**Raw data**

Start of Block

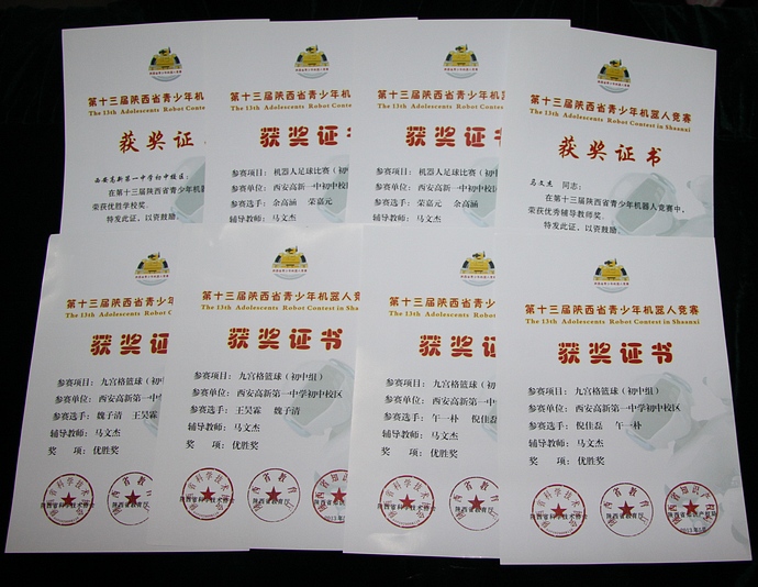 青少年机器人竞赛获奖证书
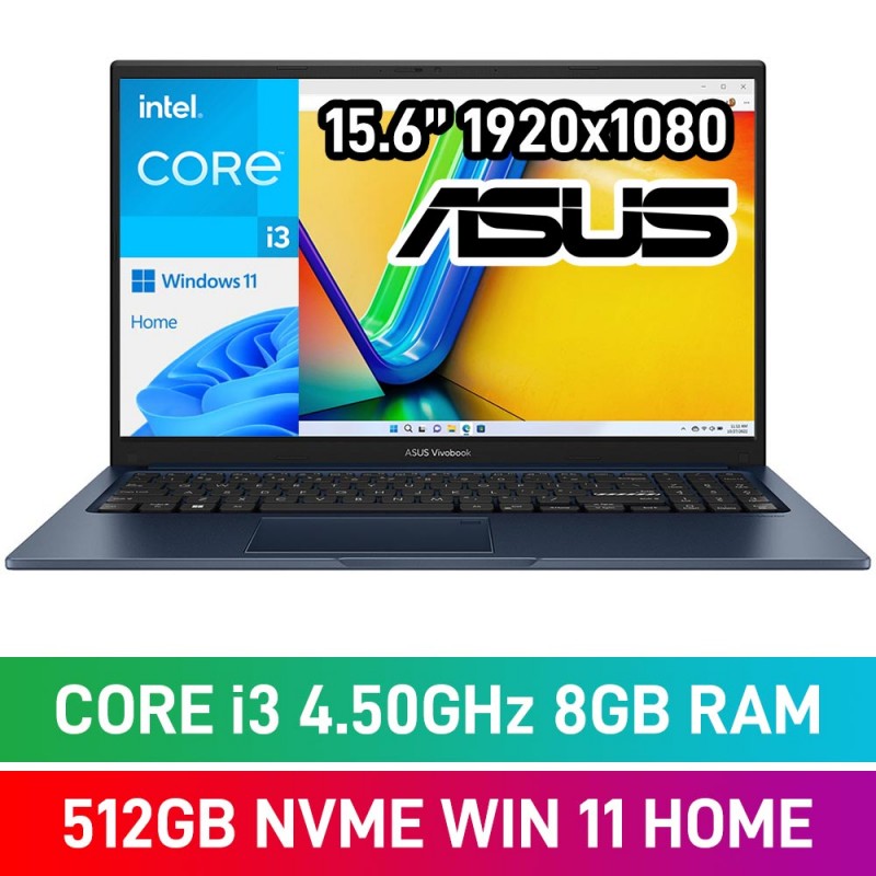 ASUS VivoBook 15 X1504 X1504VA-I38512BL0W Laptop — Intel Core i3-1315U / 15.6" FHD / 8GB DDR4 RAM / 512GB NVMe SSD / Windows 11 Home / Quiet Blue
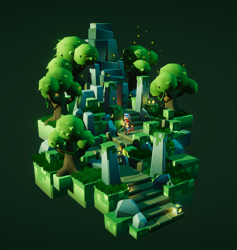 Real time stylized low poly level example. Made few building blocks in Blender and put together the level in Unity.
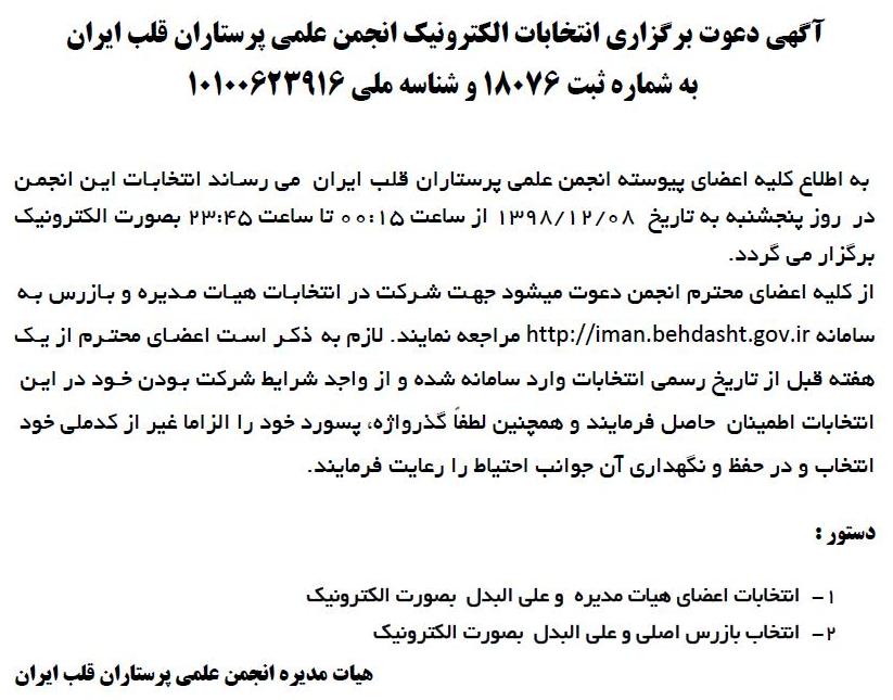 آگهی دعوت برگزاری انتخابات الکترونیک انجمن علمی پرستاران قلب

End of Block

Output the full listing above exactly, excluding all pictures.

 青少年机器人竞赛获奖证书
 ASUS VivoBook 15 X1504 X1504VA-I38512BL0W Laptop — Intel Core i3-1315U / 15.6" FHD / 8GB DDR4 RAM / 512GB NVMe SSD / Windows 11 Home / Quiet Blue
 Real time stylized low poly level example. Made few building blocks in Blender and put together the level in Unity.
 آگهی دعوت برگزاری انتخابات الکترونیک انجمن علمی پرستاران قلب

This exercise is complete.